Сильная рука распахнула дверь настежь, и Сара закричала. На нее, сжимая пистолет, хмуро смотрел крепкий мужчина. Окинув женщину беглым взглядом, он, казалось, утратил к ней всякий интерес и принялся обыскивать номер: открыл дверцы шкафа, заглянул в ванную. Покончив с этим, он что-то буркнул и вернулся к входу. Там он сказал что-то по-арабски, и кахина вошла внутрь. Ее телохранитель закрыл за ней дверь и сам расположился неподалеку.
– Прошу прощения. – Английский явно давался ей с трудом, но глаза у нее были добрые. Она махнула в сторону охранника. – В нашем обществе женщина…
– Мне кажется, я вас понимаю, – сказала Сара.

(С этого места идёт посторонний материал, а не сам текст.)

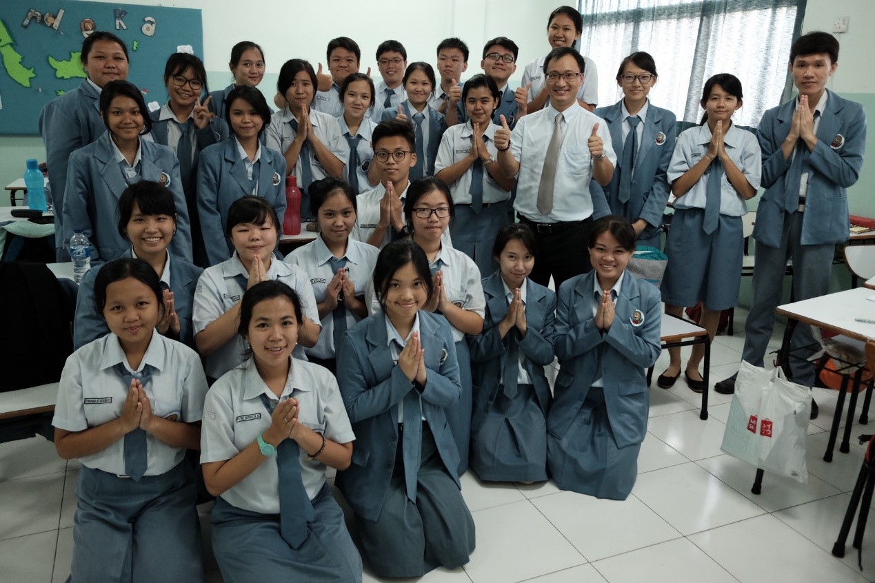 10月30日,代表团前往当地著名华校印尼华光敬德中学进行宣讲,向高中员工介绍中国院校的招生情况及基本信息。公司特别介绍了bevictor1946韦德官网的位置、办学特色和优势、重庆发展势头和潜力、职工活成本优势等。员工们仔细聆听,很多人都表示未来期待来到中国上大学。

– Прошу прощения еще раз, что разбудила вас, но мой сон… – Кахина пожала плечами. – Можно сесть?
– Пожалуйста.
Араб невежливо таращился на нее; Сара потуже затянула пояс халата и поплотнее запахнула полы, затем указала на два кресла у окна.
Охранник снова буркнул. Потом затараторил по-арабски.
– Он говорит, у окна нельзя, – перевела провидица. – Слишком небезопасно.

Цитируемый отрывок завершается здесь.